WORK TASK – Beginning with the line that contains "8110 nhbl 555" and ending with the line that contains "국민건강보험공단 대전세종충청지역본부(본부장 이정수)는", reproduce the lines of the entries below exactly, omitting pictures.
Top of INFORMATION
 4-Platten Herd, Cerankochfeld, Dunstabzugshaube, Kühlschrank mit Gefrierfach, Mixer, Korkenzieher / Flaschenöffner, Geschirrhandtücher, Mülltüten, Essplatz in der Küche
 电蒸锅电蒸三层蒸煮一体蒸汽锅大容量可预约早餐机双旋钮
Bottom of INFORMATION
Top of INFORMATION
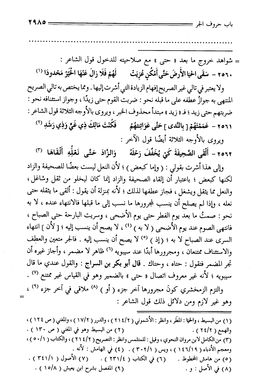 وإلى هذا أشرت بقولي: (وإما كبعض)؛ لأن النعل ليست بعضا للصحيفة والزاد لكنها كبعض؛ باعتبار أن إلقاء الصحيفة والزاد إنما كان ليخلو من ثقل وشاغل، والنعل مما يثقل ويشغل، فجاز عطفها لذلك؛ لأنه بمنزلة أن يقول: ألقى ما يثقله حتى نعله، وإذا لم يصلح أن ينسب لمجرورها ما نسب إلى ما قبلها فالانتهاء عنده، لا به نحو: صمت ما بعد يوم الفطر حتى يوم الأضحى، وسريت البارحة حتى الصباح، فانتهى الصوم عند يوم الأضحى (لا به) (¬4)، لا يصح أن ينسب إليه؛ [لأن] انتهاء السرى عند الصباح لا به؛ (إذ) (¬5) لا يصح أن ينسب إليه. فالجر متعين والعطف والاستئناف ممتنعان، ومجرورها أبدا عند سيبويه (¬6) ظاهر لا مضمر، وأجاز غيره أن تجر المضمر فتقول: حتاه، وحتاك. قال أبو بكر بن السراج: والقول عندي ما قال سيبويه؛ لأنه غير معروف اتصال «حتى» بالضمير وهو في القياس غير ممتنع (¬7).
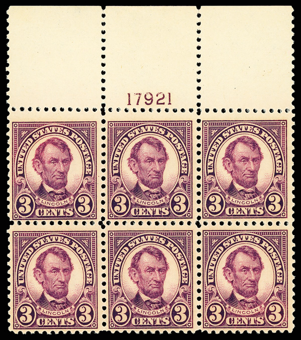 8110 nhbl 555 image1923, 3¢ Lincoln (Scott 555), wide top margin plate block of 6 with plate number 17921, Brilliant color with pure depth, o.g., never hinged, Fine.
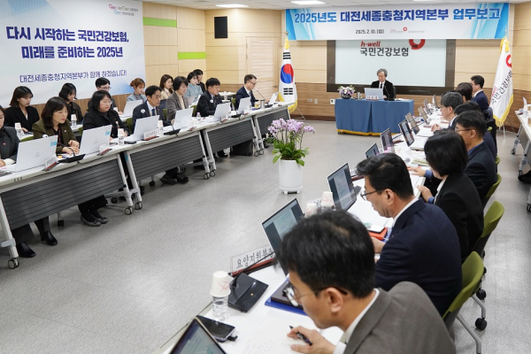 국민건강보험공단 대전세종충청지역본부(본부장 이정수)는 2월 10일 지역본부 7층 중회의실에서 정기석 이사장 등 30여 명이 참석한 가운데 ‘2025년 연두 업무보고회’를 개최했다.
Bottom of INFORMATION
REPLY –
 8110 nhbl 555 image1923, 3¢ Lincoln (Scott 555), wide top margin plate block of 6 with plate number 17921, Brilliant color with pure depth, o.g., never hinged, Fine.
 국민건강보험공단 대전세종충청지역본부(본부장 이정수)는 2월 10일 지역본부 7층 중회의실에서 정기석 이사장 등 30여 명이 참석한 가운데 ‘2025년 연두 업무보고회’를 개최했다.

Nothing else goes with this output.